Line 283: The quantitative relationship was established between diatom fluxes—not relative abundances—and organic carbon fluxes.
Line 285: Only the cold-water varieties of Hyalochaete and E. antarctica are associated with sea ice. It is also worth noting that an inverse relationship is often observed between CRS and F. curta on the continental shelf (Leventer et al., 1993; Campagne et al., 2016; Torricella et al., 2024).
Line 290: The correlation coefficients with Factor 1 (warm water; 0.033) and Factor 2 (sea ice; −0.149) are not significant (Table 4). How, then, can the PIC/POC ratio be reconstructed from diatom relative abundances?
Line 292: The terms northward and southward are not sufficiently informative; please specify the regions more precisely. To my knowledge, coccolithophores are nearly absent south of the Antarctic Polar Front (APF) (Eynaud et al., 1999; Saavedra-Pellitero et al., 2014), whereas planktic foraminifera (mainly Neogloboquadrina pachyderma sinistral) remain present (Niebler and Gersonde, 1998; Haddam et al., 2016).
Line 295: This interpretation appears to rely purely on statistical relationships without an underlying ecological or biogeochemical rationale.

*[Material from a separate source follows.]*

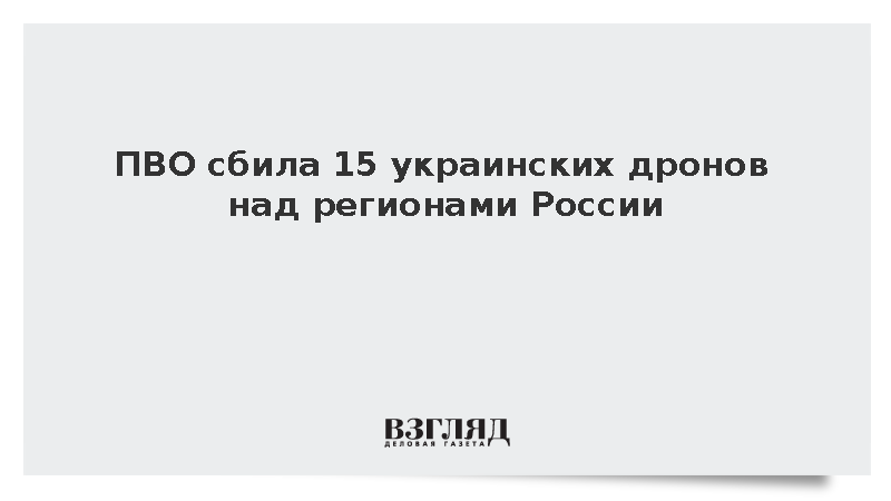 В результате работы сил ПВО в регионах России были сбиты 15 украинских беспилотников самолетного типа, сообщило Минобороны.

Line 357: While this is correct, models tend to overestimate the geographical extent of the LGM high-export zone (Tagliabue et al., 2009) compared with observational data (Kohfeld et al., 2005).
Line 362: This statement is incorrect. These studies indicate an increase in the relative utilisation of nutrients (reflected by higher δ¹⁵Ndb) in the Antarctic Zone due to reduced nutrient supply, as you also state in lines 376–378.
Lines 379–383: I recommend presenting the dominant diatom species in these cores to support this interpretation. For example, in core PS2606-6, CRS increases from 0% during the Holocene to ~10% during the glacial period; E. antarctica increases from 0 to ~10%; F. curta from 0 to ~6%; F. kerguelensis decreases from ~85% to ~50%; and T. lentiginosa increases from ~5% to ~15%. Based on these changes, it is not clear that there is a shift from “silica sinkers” to “carbon sinkers”, as silica-exporting taxa remain dominant during the glacial interval.
Section 4.4: The interpretations rely heavily on the robustness of the transfer function, which currently appears to be based on an inappropriate metric. It would be important to determine whether the results—and therefore the palaeoceanographic interpretations—remain valid when diatom fluxes rather than relative abundances are used.